9.  Put a warning on CCR: 
Currently many of the profiles for firms registered on the CCR are filled with unreliable and fraudulent data.  As a result, large businesses are regularly coded as small businesses by contracting-officers government wide.  Recently, federal investigations have found that firms intentionally put fraudulent information in the CCR database to illegally receive federal small business contracts. The warning should state clearly:  Misrepresentation of a large firm as small for the purposes of obtaining federal small business contracts is punishable under section 16 (d) of the Small Business Act (15 USC §. 645(d)).

10.  Restore the fields on the CCR: 
As a means of maintaining transparency in federal contracting programs, fields which have been removed from the CCR or made optional such as: capability narrative, primary NAICS code, total number of employees and annual revenue; should be restored as required fields and made available to the public.   

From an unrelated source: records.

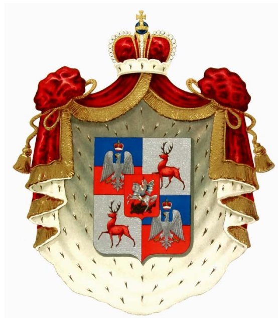
Родовой герб Шуйских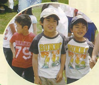
卒業生の子供たち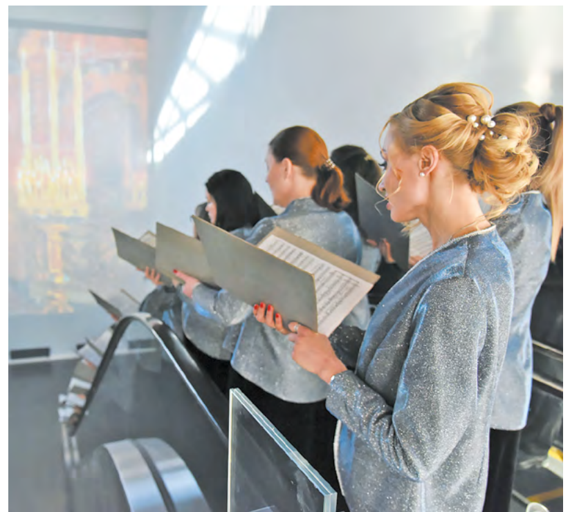
▲ Симфонический хор Свердловской филармонии презентовал фестиваль «Рахманинов. Зримая музыка» на ступенях эскалатора центра «Эрмитаж-Урал».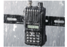
Kiểm tra kháng nước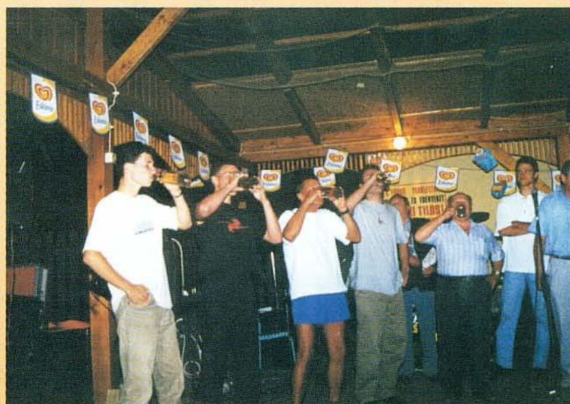
Az első „Öcsi fröccs” ivóverseny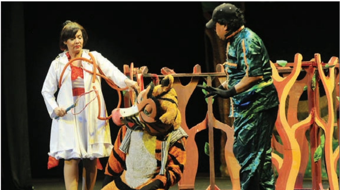
مشهد من مسرحية «فرکش لما يكش»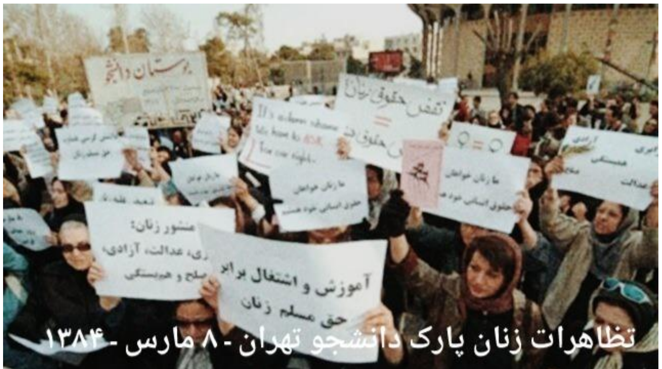
تظاهرات زنان پارک دانشجو تهران - ۸ مارس - ۱۳۸۴

گرفت که در خانه‌های خود دور هم جمع می‌شدند و دربارهٔ مسائل و مشکلات و حقوق پایمال شدهٔ خود با یکدیگر گفت‌وگو می‌کردند. زنان در این جمع‌ها در میان خود برنامه‌های مطالعاتی، نمایش فیلم، سخنرانی و شعرخوانی داشتند. همچنین سالانه مراسم ۸ مارس را در خانه‌های خود برگزار می‌کردند. در میانهٔ دههٔ ۷۰ و پس از سرکوب‌های خونین مخالفان سیاسی و نویسندگان آزادی‌خواه، فضای سیاسی تا حدودی باز شد، البته نه برای مخالفان بلکه برای اصلاح‌طلبان درون حکومت. در چنین فضایی بود که فعالان زنان در نهایت توانستند در اسفند سال ۷۸ برای اولین بار مراسم ۸ مارس را به‌صورت علنی و بیرون از فضای تنگ خانه‌های خود در شهر در چند سال بعد فعالیت. کتاب برگزار کنند. این مراسم با استقبال فراوان زنان روبه‌رو شد. زنان متشکل‌تر و علنی‌تر شد. مراسم ۸ مارس از شهر کتاب و خانهٔ هنرمندان و فرهنگسرا در سال‌های آخر دههٔ ۷۰ شروع شد و در سال‌های ابتدایی دههٔ ۸۰ به خیابان کشیده شد. پارک لاله در سال ۸۲ و پارک دانشجو در سال ۸۴ محل برگزاری مراسم ۸ مارس بود. اما هر دو این مراسم با خشونت نیروهای سرکوبگر و ضرب و شتم شرکت‌کنندگان روبه‌رو شد.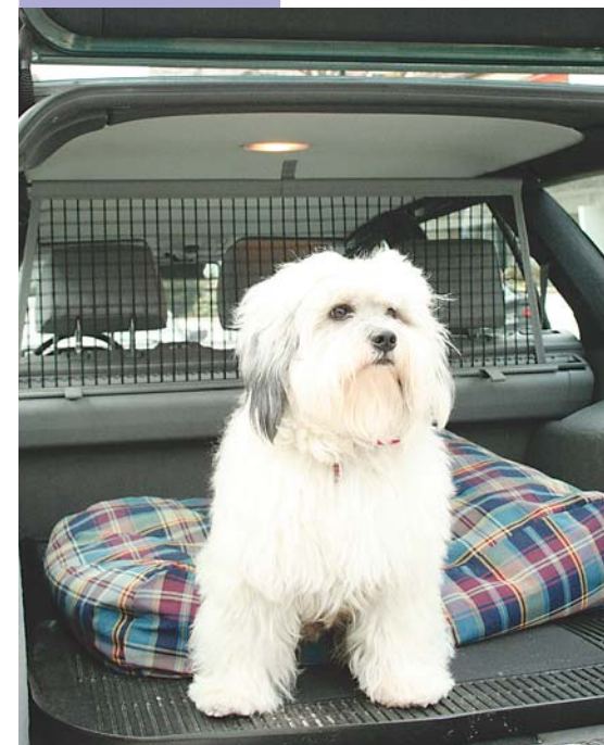
Tibeterrier Newton auf großer Fahrt. Die größte Sicherheit sollen Transportboxen bieten.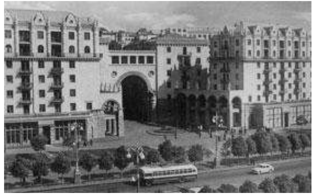
Рис. 2. Архітектура Хрещатика 1950-х років – «соціалістична за змістом, національна за формою»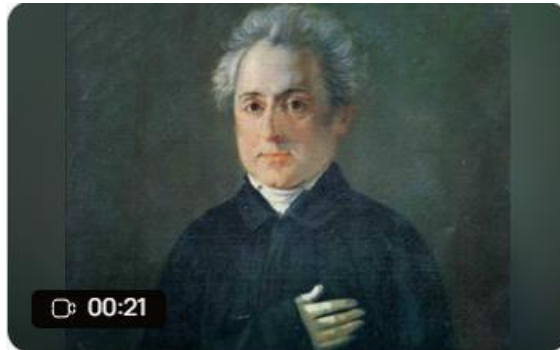
Διονύσιος Σολωμός Created Aug 29, 2024

Το D-ID είναι ένα από τα πρώτα προγράμματα T.N. για ομιλούσα φωτογραφία αλλά και avatar.

11.  Require all government contractors claiming small business status to recertify annually:
Current federal policy requires all government vendors to update their information on CCR annually; therefore annual re-certification can be completed at that time simply by updating one box in the database. Annual re-certification will be a simple, easy, quick and efficient way to stop the flow of billions of dollars in federal small business contracts to Fortune 1000 firms and other large businesses. In the past, annual re-certification has already been endorsed by the SBA (prior to the arrival of Steven Preston), the SBA Office of Inspector General, the Office of Federal Procurement Policy, the Senate Small Business Committee and the Office of Management and Budget.

12.  Abolish the Alaska Native Program or place the same $3 million contract cap that every other government program for minorities has: 
The government is hitting its minority-owned small business procurement goal with no-bid, no ceiling Alaska Native Corporation (ANC) 8(a) contracts.  The way to solve the problem is to level the playing field by imposing the same contract ceiling as all other federal programs for minorities on the ANC Program.  This would provide small minority-owned businesses with more opportunity to compete for and obtain federal small business contracts.

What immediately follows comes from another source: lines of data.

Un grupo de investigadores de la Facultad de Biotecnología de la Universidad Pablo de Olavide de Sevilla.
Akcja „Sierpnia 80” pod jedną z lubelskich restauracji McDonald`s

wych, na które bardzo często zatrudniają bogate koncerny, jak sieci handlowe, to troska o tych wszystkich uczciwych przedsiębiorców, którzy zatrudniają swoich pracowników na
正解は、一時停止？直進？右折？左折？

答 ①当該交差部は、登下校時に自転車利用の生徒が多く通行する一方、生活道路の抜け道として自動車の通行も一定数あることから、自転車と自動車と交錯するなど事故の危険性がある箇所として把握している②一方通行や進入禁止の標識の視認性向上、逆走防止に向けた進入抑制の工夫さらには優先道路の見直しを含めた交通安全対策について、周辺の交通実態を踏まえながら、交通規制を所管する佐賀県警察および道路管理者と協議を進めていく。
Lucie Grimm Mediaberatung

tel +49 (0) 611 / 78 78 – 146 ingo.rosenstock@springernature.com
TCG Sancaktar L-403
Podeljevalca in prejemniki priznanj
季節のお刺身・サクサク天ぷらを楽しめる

13.  Oppose H.R. 3567, H.R. 5819, S. 3362 and any other legislation that allows billionaire venture capitalists to participate in federal small business contracting programs:
The Small Business Act states that a small business must be "independently owned and operated."  H.R. 3567 would allow firms that are controlled by some of the nation's wealthiest investors to be treated as small businesses. This would create a staggering loophole that would result in the diversion of billions of dollars in federal small business contracts away from the average American small business and into the hands of some of the nation's wealthiest investors. That said, the recent series of House and Senate bills designed to reauthorize the Small Business Innovation Research (SBIR) Program would allow firms that are owned and controlled by billionaire venture capitalists to participate in federal programs designed for small businesses.  These bills fly in the face of the original intent of the SBIR program and create a dangerous precedent for venture capital participation in all government programs designed for small businesses.  We believe this legislation could force thousands of businesses across the United States to close their doors and cause serious damage to an already floundering middle class economy.